Thus, as is clear from the above and the statement of opposition and the submissions made, the issue which arises for determination is whether the respondents failed to give any, or any adequate reasons for the impugned decision of 2003 and specifically whether there was a failure to give reasons for its departure from the earlier decisions in 1990 and 1997 whereby planning approval was granted for the same development and whether any such alleged failure was a failure to give reasons for its decision as required by law, and finally, whether any such reasons as were given were tainted by irrationality in law.
As the main issue in the case concerns the adequacy or otherwise of the reasons given, the relevant legal principles should be set out at this stage.
In the case of Mulholland and Kinsella v. An Bord Pleanála and Others [2005] IEHC 306, Kelly J. reviewed the relevant English and Irish cases, i.e. O’Donoghue v. An Bord Pleanála [1991] I.L.R.M. 750, The State (Sweeney) v. The Minister for the Environment [1975] I.L.R.M. 35, R. (Ermakov) v. Westminster City Council [1996] 2 All ER 302, The London Residuary Body v. Secretary of State for the Environment, 58 J.P.L. 657, and Fairyhouse Club Limited v. An Bord Pleanála (Unreported, July 18th, 2001), and O’Keeffe v. An Bord Pleanála [1993] 1 I.R. 39 at p. 76.
The following passages from these cases are applicable to this case.
From O’Donoghue v. An Bord Pleanála [1991] I.L.R.M. 750 (Murphy J.);
      “It is clear that the reasons furnished by the board (or by any other Tribunal) must be sufficient first to enable the courts to review it and secondly to satisfy the persons having recourse to the Tribunal that it directed its mind adequately to the issues before it. It has never been suggested that an administrative body is bound to provide a discursive judgment as a result of its deliberations.”

From The State (Sweeney) v. The Minister for the Environment [1979] I.L.R.M. 135 (Finlay P.);
      “To give to an applicant such information as may be necessary and appropriate for him, firstly, to consider whether he has got a reasonable chance of succeeding in appealing against the decision of the planning authority and, secondly, to enable him to arm himself for the hearing of such an appeal.”

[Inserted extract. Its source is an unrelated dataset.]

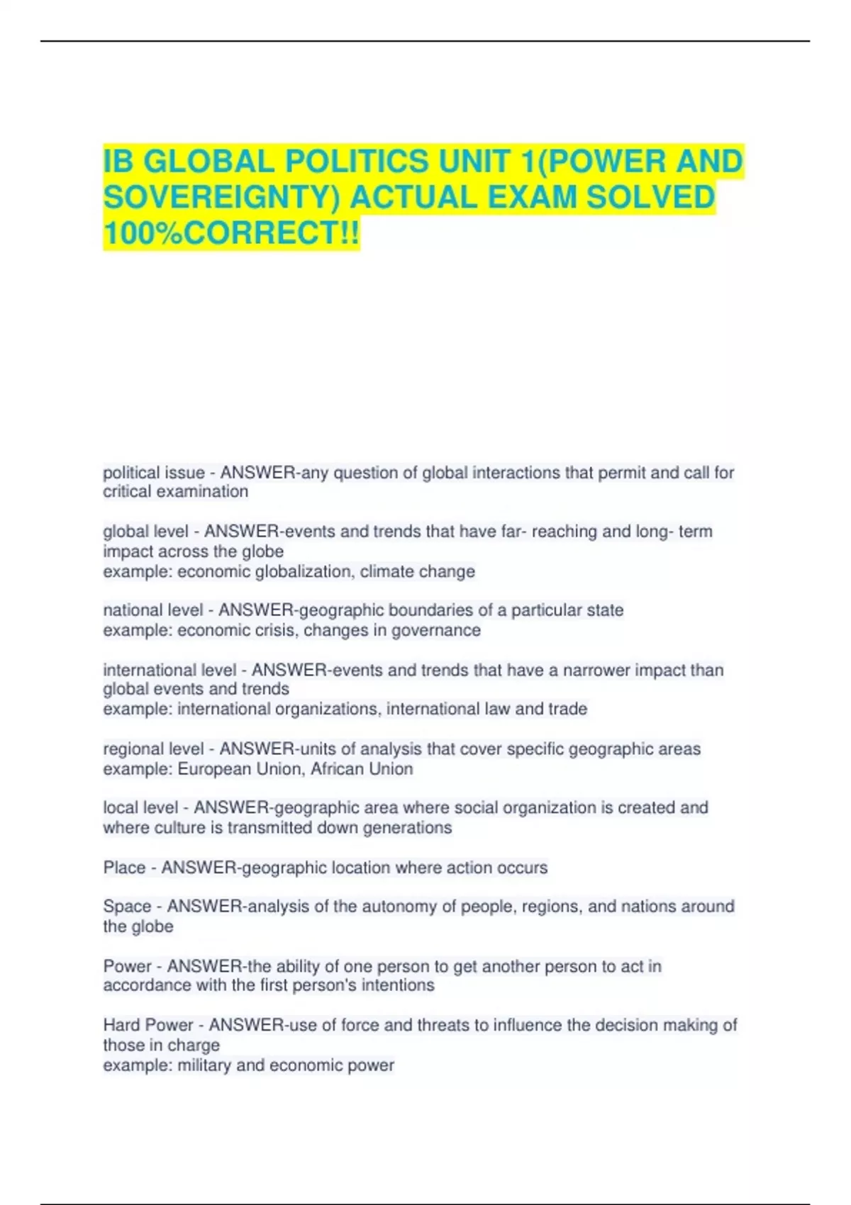 IB GLOBAL POLITICS UNIT 1(POWER AND SOVEREIGNTY) ACTUAL EXAM SOLVED 100%CORRECT!!

From R. (Ermakov) v. Westminster City Council [1996] 2 All E.R at 302, (Hutchinson L.J.):
      “It is well established that an obligation, whether statutory or otherwise, to give reasons for a decision is imposed so that the persons affected by the decisions may know why they have won or lost and in particular, may be able to judge whether the decision is valid and therefore unchallengeable or invalid, and therefore open to challenge. There are numerous authoritative statements to this effect...
      It is possible to state two propositions which the judgments in ex parte Graham support.
1. If the reasons given are insufficient to enable the court to consider the lawfulness of the decision, the decision itself would be unlawful; and
2. The court should, at the very least, be circumspect about allowing material gaps to be filled by affidavit evidence or otherwise”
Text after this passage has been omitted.